§ **Material to process**:
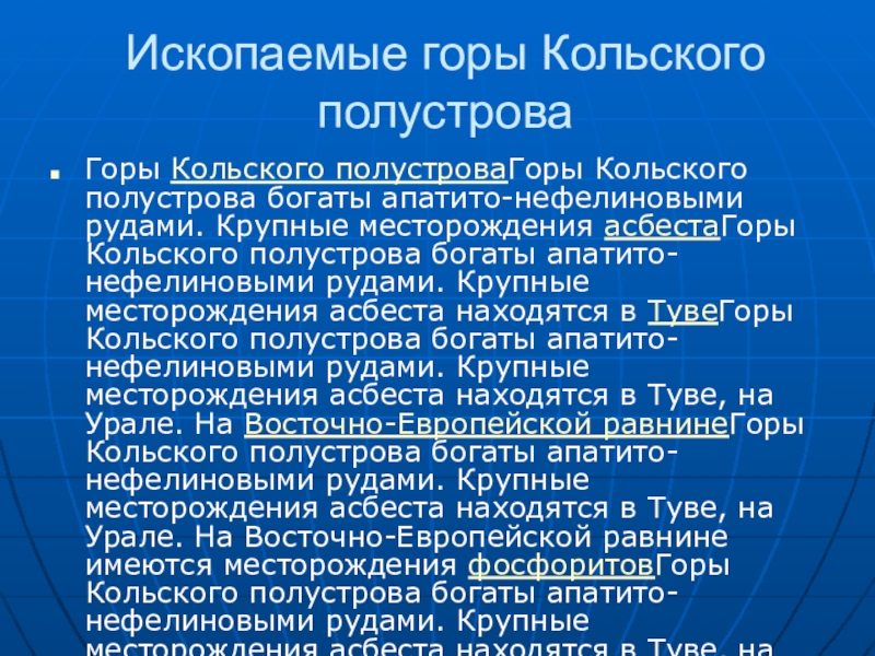 рудами. Крупные месторождения асбестаГоры Кольского полустрова богаты апатито-нефелиновыми рудами. Крупные месторождения асбеста находятся в ТувеГоры Кольского полустрова богаты апатито-нефелиновыми рудами. Крупные месторождения асбеста находятся в Туве, на Урале. На Восточно-Европейской равнинеГоры Кольского полустрова богаты апатито-нефелиновыми рудами. Крупные месторождения асбеста находятся в Туве, на Урале. На Восточно-Европейской равнине имеются месторождения фосфоритовГоры Кольского полустрова богаты апатито-нефелиновыми рудами. Крупные месторождения асбеста находятся в Туве, на Урале. На Восточно-Европейской равнине имеются месторождения фосфоритов, различных строительных материалов. Бо́льшая часть запасов калийных солейГоры Кольского полустрова богаты апатито-нефелиновыми рудами. Крупные месторождения асбеста находятся в Туве, на Урале. На Восточно-Европейской равнине имеются месторождения фосфоритов, различных строительных материалов. Бо́льшая часть запасов калийных солей сосредоточена в Верхнекамском месторожденииГоры Кольского полустрова богаты апатито-нефелиновыми рудами. Крупные месторождения асбеста находятся в Туве, на Урале. На Восточно-Европейской равнине имеются месторождения фосфоритов, различных строительных материалов. Бо́льшая часть запасов калийных солей сосредоточена в Верхнекамском месторождении (Пермский крайГоры Кольского полустрова богаты апатито-нефелиновыми рудами. Крупные месторождения асбеста находятся в Туве, на Урале. На Восточно-Европейской равнине имеются месторождения фосфоритов, различных строительных материалов. Бо́льшая часть запасов калийных солей сосредоточена в Верхнекамском месторождении (Пермский край). Во многих горных районах страны — месторождения драгоценных и полудрагоценных камней (аметистовГоры Кольского полустрова богаты апатито-нефелиновыми рудами. Крупные месторождения асбеста находятся в Туве, на Урале. На Восточно-Европейской равнине имеются месторождения фосфоритов, различных строительных материалов. Бо́льшая часть запасов калийных солей сосредоточена в Верхнекамском месторождении (Пермский край). Во многих горных районах страны — месторождения драгоценных и полудрагоценных камней (аметистов, гранатовГоры Кольского полустрова богаты апатито-нефелиновыми рудами. Крупные месторождения асбеста находятся в Туве, на Урале. На Восточно-Европейской равнине имеются месторождения фосфоритов, различных строительных материалов. Бо́льшая часть запасов калийных солей сосредоточена в Верхнекамском месторождении (Пермский край). Во многих горных районах страны — месторождения драгоценных и полудрагоценных камней (аметистов, гранатов, яшмГоры Кольского полустрова богаты апатито-нефелиновыми рудами. Крупные месторождения асбеста находятся в Туве, на Урале. На Восточно-Европейской равнине имеются месторождения фосфоритов, различных строительных материалов. Бо́льшая часть запасов калийных солей сосредоточена в Верхнекамском месторождении (Пермский край). Во многих горных районах страны — месторождения драгоценных и полудрагоценных камней (аметистов, гранатов, яшм, родонитаГоры Кольского полустрова богаты апатито-нефелиновыми рудами. Крупные месторождения асбеста находятся в Туве, на Урале. На Восточно-Европейской рав
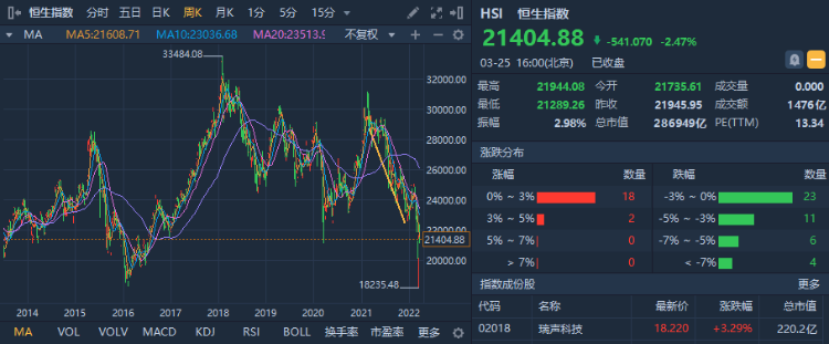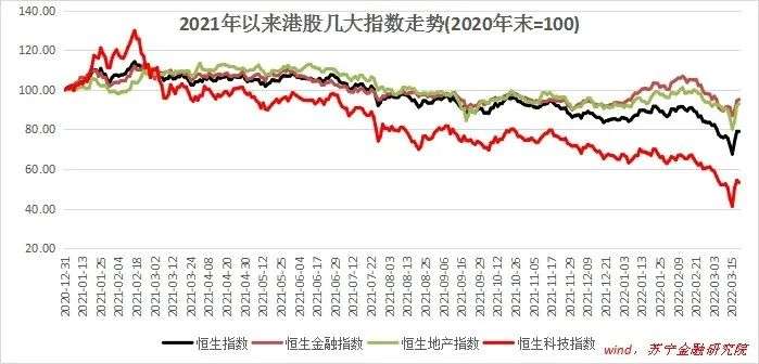 2020年末至2022年3月18日,恒生指数累计下跌21.37%,既套牢了一批早期投资者,又让尚未入场的投资者跃跃欲试。分行业来看,恒生金融指数累计下跌4.85%,恒生地产指数累计下跌7.05%,恒生科技指数累计下跌46.77%,可见,科技互联网板块的大幅下跌是恒生指数的主要拖累因素。
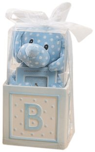 picture frames / photo frames: A special gift set that will surely be a most appreciated newborn gift or just for youself Gift set includes a pastel blue ceramic planter with alphabet letters; plush polka-dot blue puppy AND coordintated mini photo frame that holds a select 2"x3" photo. An adorable satin bow tops the package. Produced expressly for SendAFrame by GUND®.
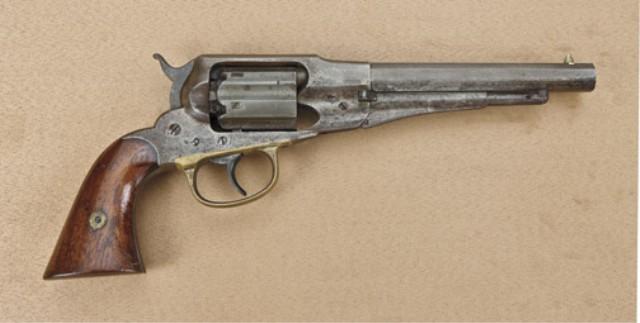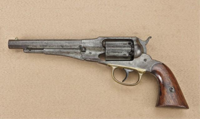 Remington Ryder double-action New Model belt revolver, .36 caliber, 6-1/2” barrel, fluted cylinder, grey patina finish, varnish wood grips, serial #98. Refer Flayderman 5E-026. The revolver remains in good to very good condition showing a light grey to brown patina finish, some scattered light to moderate erosion and surface pitting, with good edges and good barrel address. The grips are good to very good, just normal aging, the German silver type cone front sight is retained, action good, interior very good. A scarce Remington of which a few hundred were produced. Est: $900 - $1,800
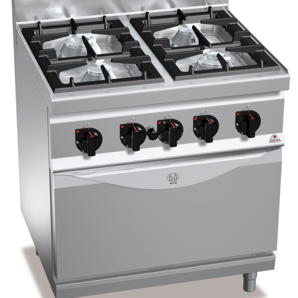 Kuchnia gazowa 4-palnikowa z piekarnikiem gazowym GN 2/1, 28,8 kW, 800x700x900 mm | BERTO'S, Macros 700, HIGH POWER, G7F4+FG
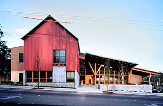 The 24,000-square-foot building has one of the region's first installations of certified wood. Non- or low-toxic finishes are used throughout and a number of recycled-content materials are included such as insulation, drywall, acoustical tile and partitions. The exterior is painted fiber cement siding. Skylights and an open office plan make the most of natural light and ventilation.
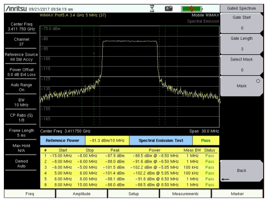 The Spectral Emission Mask (SEM) measurement supports the testing for Operating Band Unwanted Emissions described in the 802.16 testing document. The instrument displays the frequency masks on the spectrum display, and it indicates the reference power and whether the signal is within the specified limits by displaying PASS or FAIL. The emission mask information is also displayed in a table format with different frequency ranges, power levels, and measured bandwidth and whether the signal PASSED or FAILED in that region.
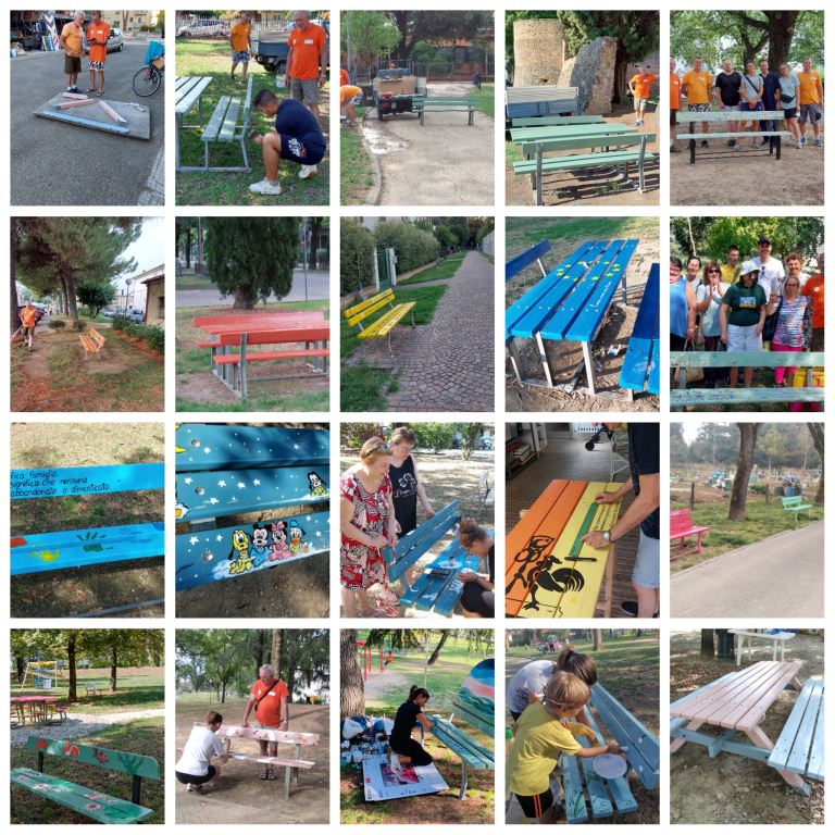 I dati del progetto : ristrutturate 54 panchine, 10 tavoli con due panchine laterali di cui disegnate l’80 %, dislocate nei parchi : Biancini, Ravaioli, De Gasperi, via Giovanni XXIII, viale Umberto I e in altri luoghi e strade del paese. Costo, complessivo, circa 1500 €. Oltre 350 ore dedicate dai volontari, gratuitamente e tante altre per i disegni.
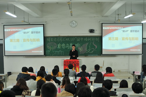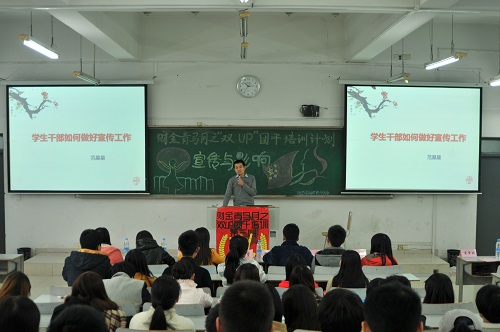 本期团干培训的主题是“宣传与影响”。大会伊始,范星星老师就“高校新闻为何突出”、“高校新闻的发生和传播过程”等问题进行了详尽的讲解,语言风趣幽默,内容通俗易懂,加深了大家对高校新闻的理解。对于学生干部如何进行新闻写作,范老师认为,应在学习的基础上追求创新改革,同时注意品牌意识的培养。随后,兰丽娟老师也提出了自己的一些见解和对学生干部的期望,她表示,随着时代变化,大家可以适当改变风格,为新闻写作注入新的血液。
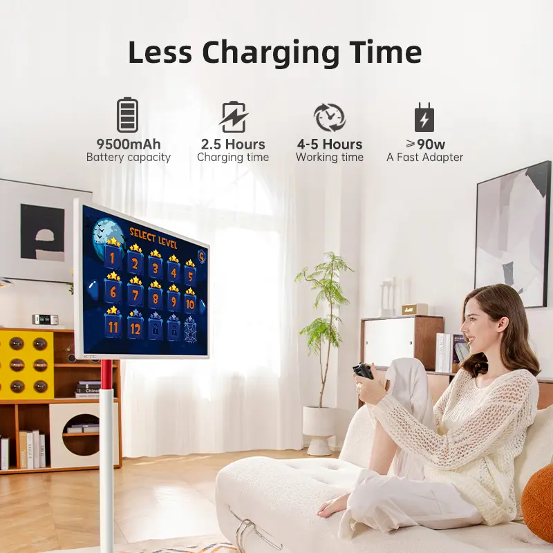 The built-in 9500mAh battery fully charges in just 3 hours, providing up to 11 hours of music playback. Each A32Q7PRO Portable Monitor on wheels comes with a mouse remote control, compatible with all apps, making it easy to use and control your device.
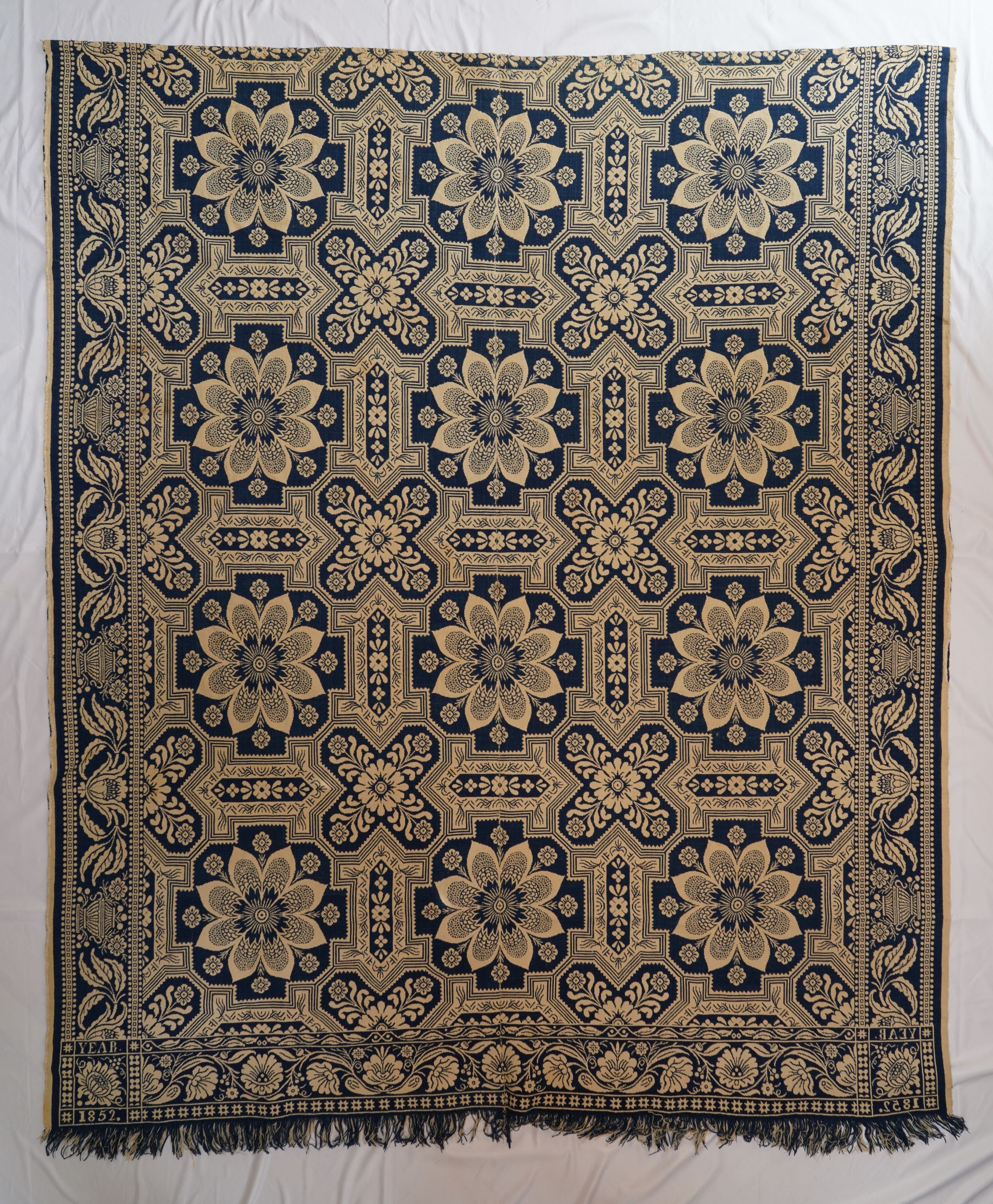 Natural and navy figured double weave coverlet; two panels joined by a center seam. Border on three sides, fringe on bottom.Collection

§ **What to work on**: Without including any pictures, print all of the material exactly as given.

§ **Solution**:
 рудами. Крупные месторождения асбестаГоры Кольского полустрова богаты апатито-нефелиновыми рудами. Крупные месторождения асбеста находятся в ТувеГоры Кольского полустрова богаты апатито-нефелиновыми рудами. Крупные месторождения асбеста находятся в Туве, на Урале. На Восточно-Европейской равнинеГоры Кольского полустрова богаты апатито-нефелиновыми рудами. Крупные месторождения асбеста находятся в Туве, на Урале. На Восточно-Европейской равнине имеются месторождения фосфоритовГоры Кольского полустрова богаты апатито-нефелиновыми рудами. Крупные месторождения асбеста находятся в Туве, на Урале. На Восточно-Европейской равнине имеются месторождения фосфоритов, различных строительных материалов. Бо́льшая часть запасов калийных солейГоры Кольского полустрова богаты апатито-нефелиновыми рудами. Крупные месторождения асбеста находятся в Туве, на Урале. На Восточно-Европейской равнине имеются месторождения фосфоритов, различных строительных материалов. Бо́льшая часть запасов калийных солей сосредоточена в Верхнекамском месторожденииГоры Кольского полустрова богаты апатито-нефелиновыми рудами. Крупные месторождения асбеста находятся в Туве, на Урале. На Восточно-Европейской равнине имеются месторождения фосфоритов, различных строительных материалов. Бо́льшая часть запасов калийных солей сосредоточена в Верхнекамском месторождении (Пермский крайГоры Кольского полустрова богаты апатито-нефелиновыми рудами. Крупные месторождения асбеста находятся в Туве, на Урале. На Восточно-Европейской равнине имеются месторождения фосфоритов, различных строительных материалов. Бо́льшая часть запасов калийных солей сосредоточена в Верхнекамском месторождении (Пермский край). Во многих горных районах страны — месторождения драгоценных и полудрагоценных камней (аметистовГоры Кольского полустрова богаты апатито-нефелиновыми рудами. Крупные месторождения асбеста находятся в Туве, на Урале. На Восточно-Европейской равнине имеются месторождения фосфоритов, различных строительных материалов. Бо́льшая часть запасов калийных солей сосредоточена в Верхнекамском месторождении (Пермский край). Во многих горных районах страны — месторождения драгоценных и полудрагоценных камней (аметистов, гранатовГоры Кольского полустрова богаты апатито-нефелиновыми рудами. Крупные месторождения асбеста находятся в Туве, на Урале. На Восточно-Европейской равнине имеются месторождения фосфоритов, различных строительных материалов. Бо́льшая часть запасов калийных солей сосредоточена в Верхнекамском месторождении (Пермский край). Во многих горных районах страны — месторождения драгоценных и полудрагоценных камней (аметистов, гранатов, яшмГоры Кольского полустрова богаты апатито-нефелиновыми рудами. Крупные месторождения асбеста находятся в Туве, на Урале. На Восточно-Европейской равнине имеются месторождения фосфоритов, различных строительных материалов. Бо́льшая часть запасов калийных солей сосредоточена в Верхнекамском месторождении (Пермский край). Во многих горных районах страны — месторождения драгоценных и полудрагоценных камней (аметистов, гранатов, яшм, родонитаГоры Кольского полустрова богаты апатито-нефелиновыми рудами. Крупные месторождения асбеста находятся в Туве, на Урале. На Восточно-Европейской рав
 2020年末至2022年3月18日,恒生指数累计下跌21.37%,既套牢了一批早期投资者,又让尚未入场的投资者跃跃欲试。分行业来看,恒生金融指数累计下跌4.85%,恒生地产指数累计下跌7.05%,恒生科技指数累计下跌46.77%,可见,科技互联网板块的大幅下跌是恒生指数的主要拖累因素。
 picture frames / photo frames: A special gift set that will surely be a most appreciated newborn gift or just for youself Gift set includes a pastel blue ceramic planter with alphabet letters; plush polka-dot blue puppy AND coordintated mini photo frame that holds a select 2"x3" photo. An adorable satin bow tops the package. Produced expressly for SendAFrame by GUND®.
 Remington Ryder double-action New Model belt revolver, .36 caliber, 6-1/2” barrel, fluted cylinder, grey patina finish, varnish wood grips, serial #98. Refer Flayderman 5E-026. The revolver remains in good to very good condition showing a light grey to brown patina finish, some scattered light to moderate erosion and surface pitting, with good edges and good barrel address. The grips are good to very good, just normal aging, the German silver type cone front sight is retained, action good, interior very good. A scarce Remington of which a few hundred were produced. Est: $900 - $1,800
 Kuchnia gazowa 4-palnikowa z piekarnikiem gazowym GN 2/1, 28,8 kW, 800x700x900 mm | BERTO'S, Macros 700, HIGH POWER, G7F4+FG
 The 24,000-square-foot building has one of the region's first installations of certified wood. Non- or low-toxic finishes are used throughout and a number of recycled-content materials are included such as insulation, drywall, acoustical tile and partitions. The exterior is painted fiber cement siding. Skylights and an open office plan make the most of natural light and ventilation.
 The Spectral Emission Mask (SEM) measurement supports the testing for Operating Band Unwanted Emissions described in the 802.16 testing document. The instrument displays the frequency masks on the spectrum display, and it indicates the reference power and whether the signal is within the specified limits by displaying PASS or FAIL. The emission mask information is also displayed in a table format with different frequency ranges, power levels, and measured bandwidth and whether the signal PASSED or FAILED in that region.
 I dati del progetto : ristrutturate 54 panchine, 10 tavoli con due panchine laterali di cui disegnate l’80 %, dislocate nei parchi : Biancini, Ravaioli, De Gasperi, via Giovanni XXIII, viale Umberto I e in altri luoghi e strade del paese. Costo, complessivo, circa 1500 €. Oltre 350 ore dedicate dai volontari, gratuitamente e tante altre per i disegni.
 本期团干培训的主题是“宣传与影响”。大会伊始,范星星老师就“高校新闻为何突出”、“高校新闻的发生和传播过程”等问题进行了详尽的讲解,语言风趣幽默,内容通俗易懂,加深了大家对高校新闻的理解。对于学生干部如何进行新闻写作,范老师认为,应在学习的基础上追求创新改革,同时注意品牌意识的培养。随后,兰丽娟老师也提出了自己的一些见解和对学生干部的期望,她表示,随着时代变化,大家可以适当改变风格,为新闻写作注入新的血液。
 The built-in 9500mAh battery fully charges in just 3 hours, providing up to 11 hours of music playback. Each A32Q7PRO Portable Monitor on wheels comes with a mouse remote control, compatible with all apps, making it easy to use and control your device.
 Natural and navy figured double weave coverlet; two panels joined by a center seam. Border on three sides, fringe on bottom.Collection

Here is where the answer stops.